The highly virulent F. tularensis type A strain Schu S4 has additional immune-evasion strategies that are lacking from the F. tularensis type B strain, F. tularensis LVS, such as the ability to bind plasmin, which reduces the effectiveness of antibody opsonization (32). In our hands, i.p./i.n. heterologous immunization with Schu S4 vesicles elicited ∼10-fold-lower levels of F. tularensis-specific antibodies than i.p./i.p. immunization with F. tularensis LVS vesicles. Nonetheless, protection by the i.p./i.n. routes of immunization was generally more protective. This indicates that IgA, which is known to inhibit IgG-mediated phagocytosis (73), did not have a negative impact on vaccine protection in this model. Perhaps, the combination of lower antibody titers and plasmin-binding ability of F. tularensis Schu S4 contribute to its failure to elicit complete protection against intranasal F. tularensis Schu S4 challenge. We also speculate that the more potent infectious strains of F. tularensis are more efficient at inducing antiinflammatory signaling cascades in their host, such as the caspase-1-mediated feedback loop of the AIM2 inflammasome activation (74), and transcriptional downregulation of TLR2, phosphoinositide 3-kinase (PI3K), and Akt, which are important for sustained cytokine signaling, as well as downregulation of major histocompatibility complex class II (MHCII), which is important in T cell activation (75, 76). Nonetheless, our ability to consistently protect ∼25% of mice by various routes of immunization using Schu S4-V and to delay death significantly in those animals that did eventually succumb to F. tularensis Schu S4 infection shows that this work is an important step in the development of an efficacious subunit vaccine. Efficacy may be improved by incorporating additional proinflammatory stimuli or by incorporating adjuvants into the vesicle preparations. Future experiments will be required to test this approach.

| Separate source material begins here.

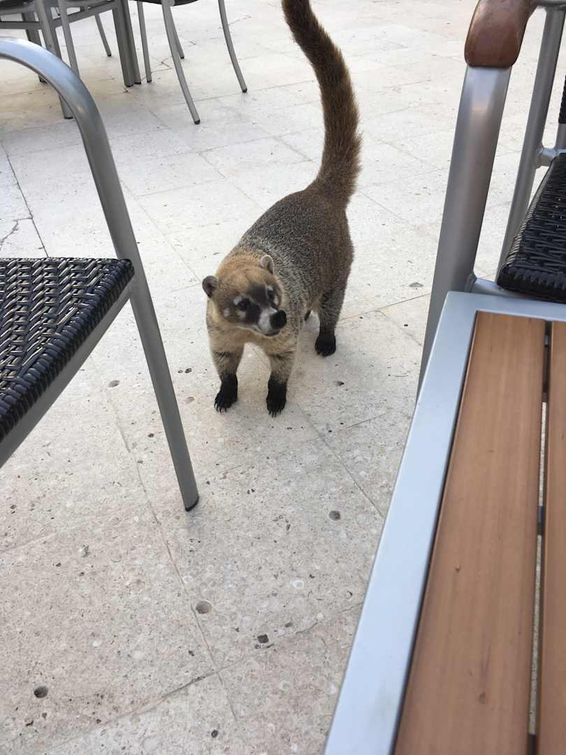 Man sieht regelmäßig einen Nasenbär in der Anlage herumlaufen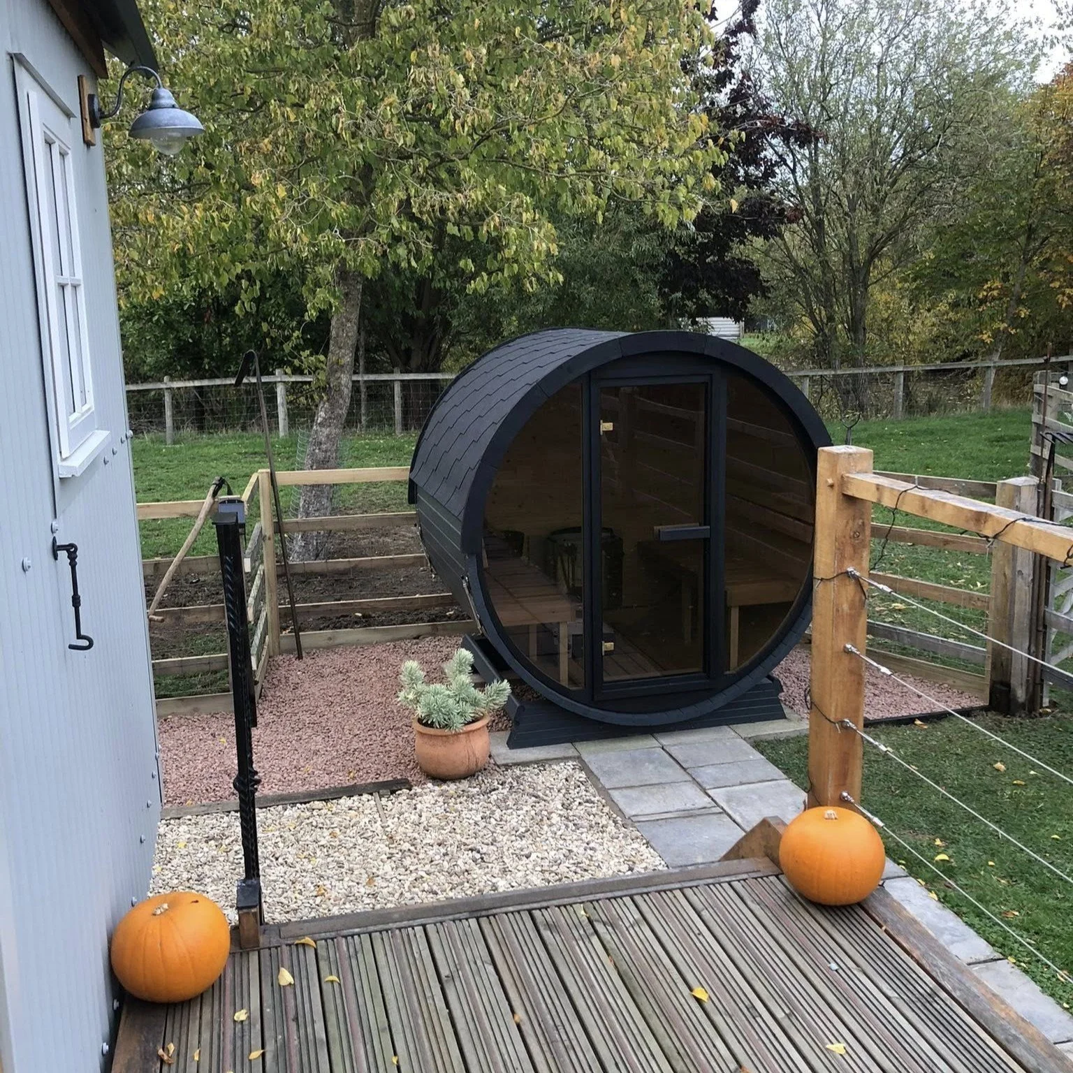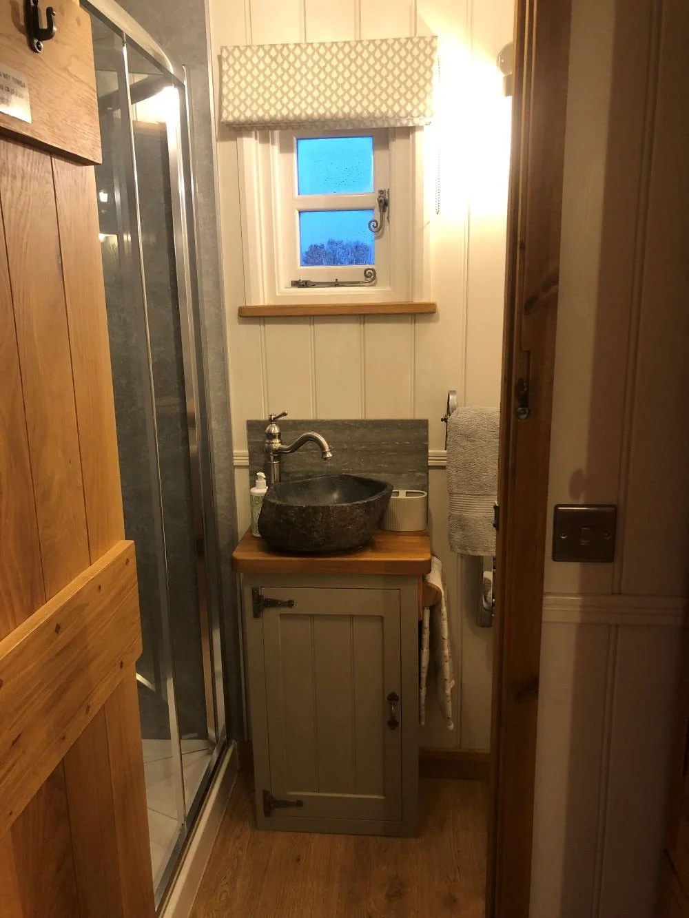 Inside, you’ll find an open-plan living space with a fully equipped kitchen, breakfast bar/work area, and a cosy lounge. Underfloor heating and a ground-source heat pump provide year-round comfort. The double bedroom and separate shower room with a powerful walk-in shower make the Cart Barn an ideal base for two.

In conclusion, in seeking an F. tularensis subunit vaccine that is safe and effective, we investigated the use of functionalized catanionic vesicles that represent an effective delivery system for antigens and proinflammatory molecules. While the protection achieved against challenge with the most dangerous form of F. tularensis, the pneumonic form of a type A strain, was only partial, our results indicate an important step in the right direction. Additionally, this nanoparticle methodology of antigen delivery via functionalized catanionic vesicles has the potential to be used as a vaccine vehicle against other immune-evasive pathogens.